Rock Band Goes Pro

Making real music with a videogame.

2 min read
Rock Band Goes Pro

In September I profiled Harmonix, creators of the hit music franchise Rock Band, for IEEE Spectrum.  The company was founded by two MIT grads,Rigopulos and Eran Egozy.  Their music videogame franchises pioneered the idea of playing along with popular music using instrument-shaped controllers, and represent a global pop culture phenomenon with over $2 billion in revenues.  

Egozy and Rigopulos met while playing in the school's gamelan orchestra. When they were completing graduate degrees at MIT in the early 90s, they began looking for ways they too could bring out the musicianship of ordinary people.  And what better to engage a new generation than their medium of choice: Videogames.

They began with Joystick Music, a game which allowed people to create sophisticated music simply by maneuvering two Atari style controllers.
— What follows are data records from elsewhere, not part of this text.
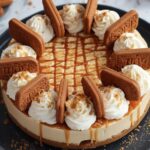 This indulgent No-Bake Biscoff Cheesecake features a crunchy Lotus biscuit base and a creamy, velvety Biscoff-flavored filling. Perfect for those who love the unique caramelized flavor of Biscoff spread, this cheesecake requires no baking and is chilled to set, making it a wonderfully easy yet impressive dessert for any occasion.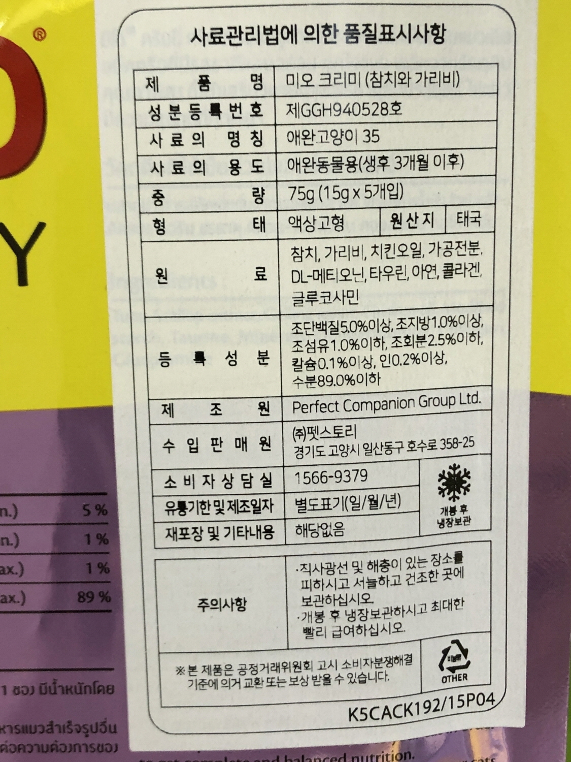 Me-O 미오 크리미 참치 가리비 스낵 반려묘 사료 75g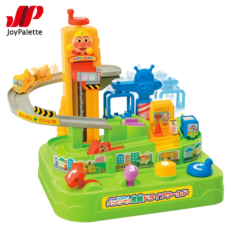 アンパンマンミキサー車とばいきんまんダンプカーを5つのスイッチで上手に走らせよう! エレベーターは赤いノブを回して工事カーを乗せて上げよう。 スロープを降りてくるっとターンテーブルに着いたら、紫のレバーを奥に倒して方向転換。 バイキンUFOクレーンに工事車を乗せたら青のノブを回して動かそう。 カーリフトに着いたら黄色のボタンを押して上の道に上げよう。 めいけんチーズの交通整理に着いたら赤のレバーを右に倒してエレベーターに進めよう。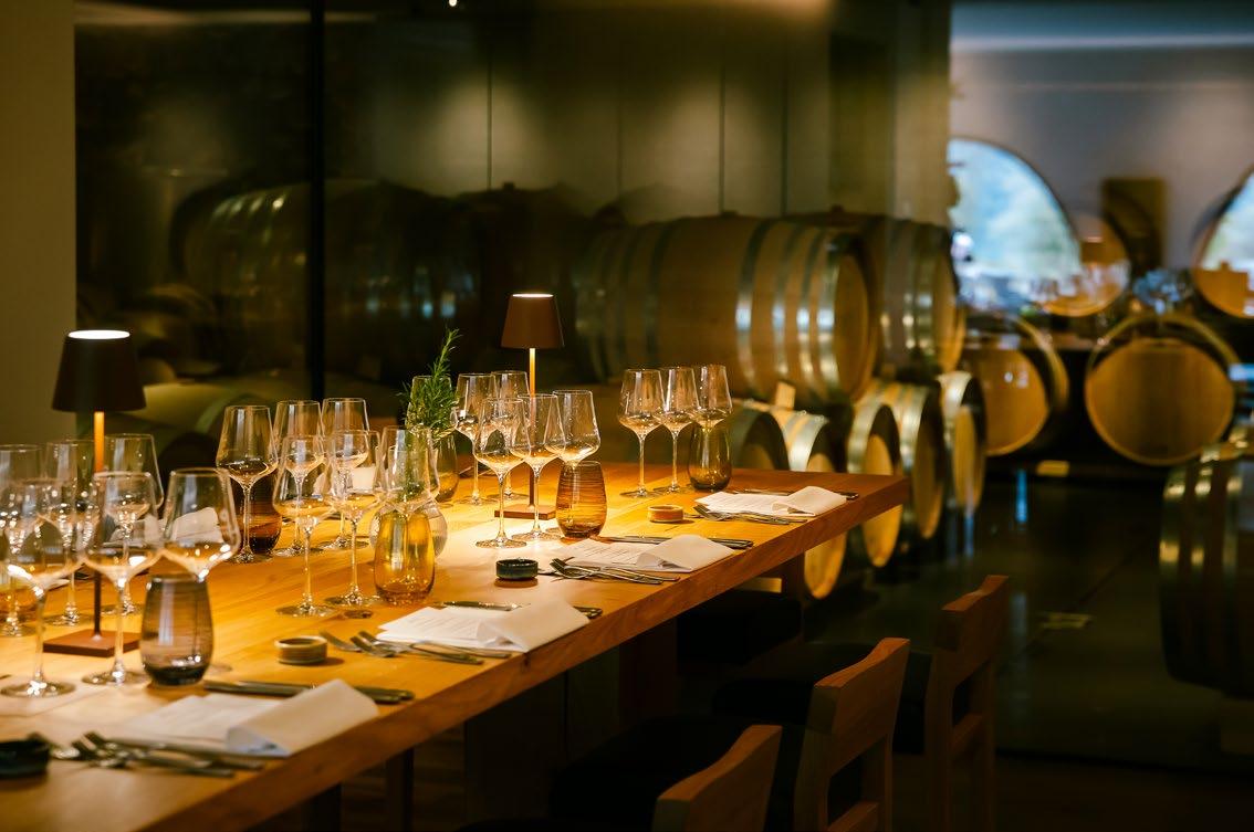 Las experiencias en la Tenuta Castello di Morcote son siempre un momento de descubrimiento y placer, como el delicioso Wine & Dine en la sala que se asoma a la bodega.

By later coding a unique pitch analysis program that could grade a person’s voice in real-time, the two created Karaoke Revolution, a sing-along-with-the-music title for the Playstation 2.  But the lingering criticism remains – yes, videogames and sensor chairs let regular people make music, or at least feel like they’re making music, but of course they aren’t making music for real. “I think there is some basis to that criticism,” says Rigopulos, “and it’s something we had the ambition to address.”

Now comes the answer:   Rock Band Pro—a new version of the popular videogame coming this fall that will use new instruments to allow for a more life-like playing experience. “It bridges the gap between simulating music making and making music on real instruments,” Rigopulos says.  I got a chance to play around with the new instruments, and they really are an incredible feat of engineering. 

The Wireless Fender Mustang Pro Guitar Controller has a whoping 102 controller buttons built on to the neck, running over 17 frets.  To play it, you pluck and strum actual strings.  To make real music, you can even use the MIDI output built into the device.  Cool enough.  Then there's the wireless keyboard, which also sports a MIDI port for those who want to jam offline. 

With so many innovations achieved, the challenge to spread the power of music-making is now more a matter of changing perceptions than creating new technologies. “It’s a matter of getting past conceptual hurdles,” Egozy says, “people think music is fixed thing that they just download. We’re trying to break down barriers and get people to think about music in a more holistic way.  Music is not a fixed package, it’s much more than that.”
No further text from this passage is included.